Extracted information =
..........
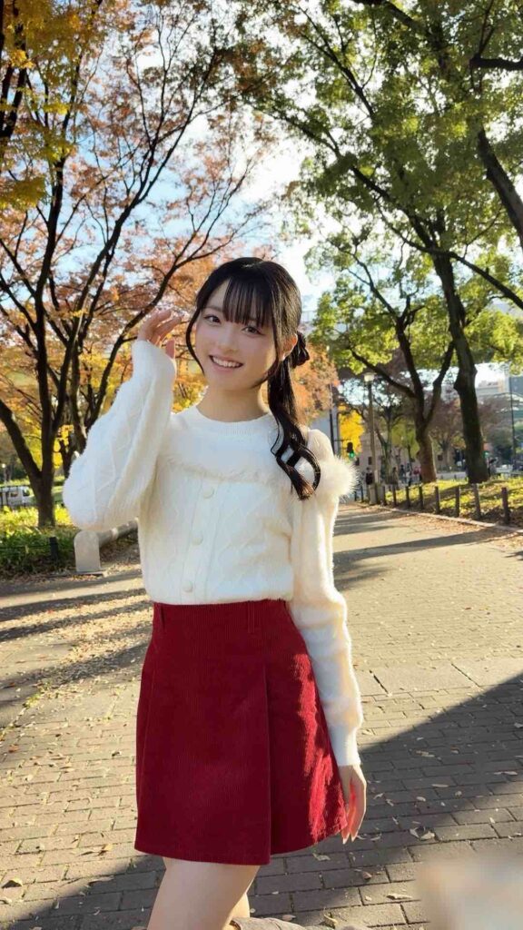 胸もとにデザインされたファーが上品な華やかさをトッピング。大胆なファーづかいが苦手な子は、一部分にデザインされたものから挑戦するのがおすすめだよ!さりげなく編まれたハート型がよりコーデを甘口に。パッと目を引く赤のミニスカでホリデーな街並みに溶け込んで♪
..........
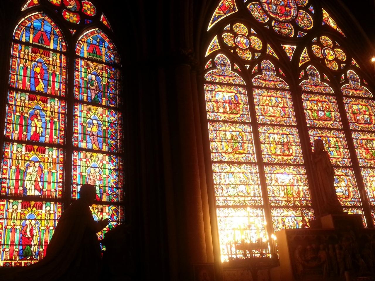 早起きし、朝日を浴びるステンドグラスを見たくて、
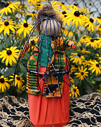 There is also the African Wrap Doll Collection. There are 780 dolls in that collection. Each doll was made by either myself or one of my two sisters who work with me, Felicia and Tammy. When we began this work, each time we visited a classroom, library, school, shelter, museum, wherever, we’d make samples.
..........
About this task =
Among the entries above, locate the line with "早起きし、朝日を浴びるステンドグラスを見たくて、" and the line with "There is also". Give those two lines and all lines between them again, exactly, leaving out the pictures.

Final answer =
 早起きし、朝日を浴びるステンドグラスを見たくて、
 There is also the African Wrap Doll Collection. There are 780 dolls in that collection. Each doll was made by either myself or one of my two sisters who work with me, Felicia and Tammy. When we began this work, each time we visited a classroom, library, school, shelter, museum, wherever, we’d make samples.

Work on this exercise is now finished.